The reported cases are almost unanimously in accord with this conclusion. Parker v. Foote, 19 Wend. (N. Y.) 309; Hayden v. Dutcher, 31 N. J. Eq. 217; Cherry v. Stein, 11 Md. 1; Rogers v. Sawin, 10 Gray 376, 76 Mass. 376; Haverstick v. Sipe, 33 Pa. 368; see, also, Hulley v. Security Trust, etc., Co., 5 Del. Ch. 578.
In Haverstick v. Sipe, supra, the court said:
“It has never been considered, in this state, that a contract for the privilege of light and air over another man’s ground could be implied from the fact that such a privilege has been long enjoyed; or that, on a sale of a house and lot, such a contract could be implied from the character of the improvements on the lot sold, and the adjoining lots.”
In fact, prior to the Prescription Act of 2 and 3 William IV, Chapter 71, it seems that, by custom, the general English rule did not apply to ancient houses, or to houses erected on ancient foundations, in either of the populous cities of Lon*95don or York. Truscott v. Masters & Wardens of the Mer. Tailor Co., 11 Exch. 854, 156 Eng. Repr. 1079; Hughes v. Kerne, Yelverton, 216, 80 Eng. Repr. 141; Wynstanley v. Lee, 36 Eng. Rep. 643; see, also, Rogers v.
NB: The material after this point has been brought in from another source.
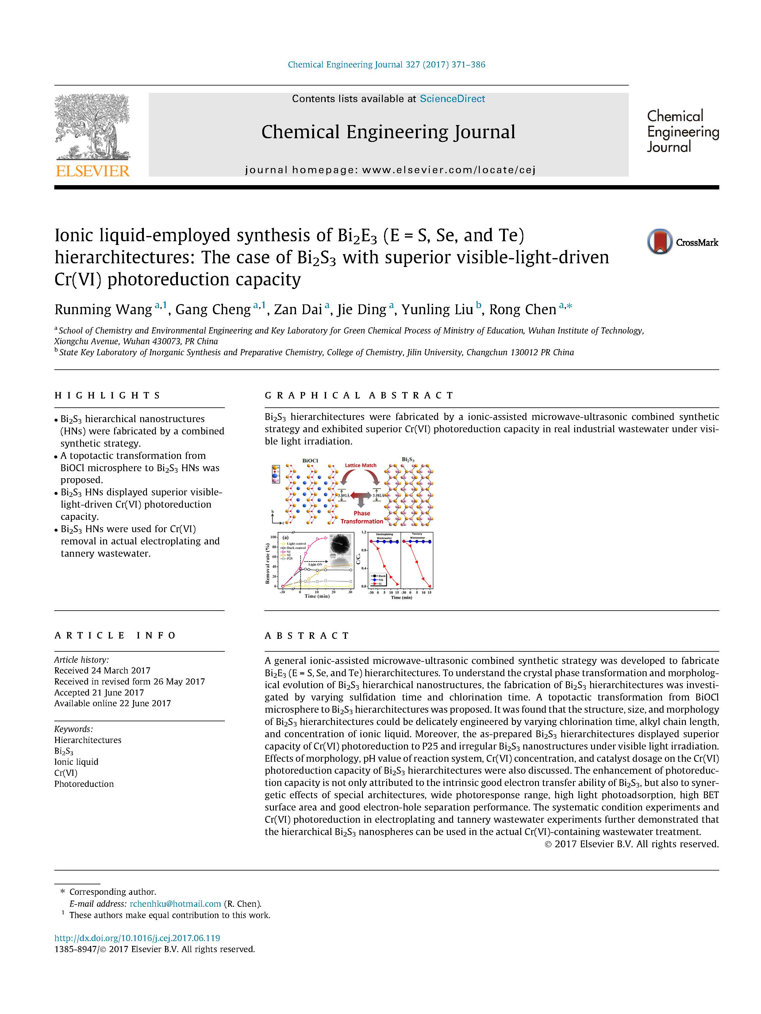 總之,采用離子輔助和微波超聲相結(jié)合的方法成功地合成了Bi2E3(E=S,Se,Te)結(jié)構(gòu)。用XRD、Raman、XPS、SEM、TEM等手段對(duì)BiOCl微球中Bi2S3的相轉(zhuǎn)變和結(jié)構(gòu)演化進(jìn)行了詳細(xì)的研究。通過(guò)改變氯化時(shí)間、烷基鏈長(zhǎng)度和離子液體濃度,實(shí)現(xiàn)了Bi2S3體系的結(jié)構(gòu)、尺寸和形貌裁剪。光催化研究表明,反應(yīng)體系的pH值、Cr(VI)濃度和催化劑用量對(duì)Bi2S3體系的Cr(VI)光還原能力有顯著影響。與P25、BiOCl和不規(guī)則Bi2S3納米結(jié)構(gòu)相比,所合成的Bi2S3納米結(jié)構(gòu)具有更好的Cr(VI)光還原能力,這主要?dú)w因于其固有的良好的電子轉(zhuǎn)移能力、較高的比表面積來(lái)吸附更多的染料分子以及具有良好的光散射能力,從而提高了捕光效率,提高了充電器的轉(zhuǎn)移能力。以其良好的光催化活性和可循環(huán)利用性為基礎(chǔ),認(rèn)為所制備的Bi2S3層狀結(jié)構(gòu)具有良好的光催化性能,有望成為還原Cr(VI)的潛在光催化劑。更重要的是,Bi2S3分級(jí)納米結(jié)構(gòu)在實(shí)際電鍍和制革工業(yè)廢水處理中顯示出優(yōu)良的Cr(VI)光還原能力和快速的光還原速率。這項(xiàng)工作將證明進(jìn)一步探索具有高潛在危險(xiǎn)的Cr(VI)光還原廢水的層次納米結(jié)構(gòu)。

Sawin, 10 Gray 376, 76 Mass. 376. The very language of the English Prescription Act would seem to recognize the fact that, prior to-its enactment, the application of the old general rule might be prevented by a contrary custom or usage. The reason for this exception in England is akin to the reason why the old general rule, formerly applied there,' is not suitable to the conditions of a new growing and populous country, which contains many large cities and towns, where buildings are often necessarily erected on small lots.
The complainant’s case is wholly based on Clawson v. Primrose, (4 Del. Ch. 643, supra). The previous statement made by Chief Justice Gilpin, in Pierce v. Lemon (2 Houst. 519), was a mere dictum not necessary to the decision of the case before him. Carefully considered cases in this court should not be disregarded without good reason, but as I have reached the conclusion that Clawson v. Primrose was incorrectly decided and would not be followed by the Supreme Court I think it should be overruled by this court in order that the expense of an appeal can be saved.
The defendant’s general demurrer to the complainant’s bill is, therefore, sustained, and a decree will be entered accordingly.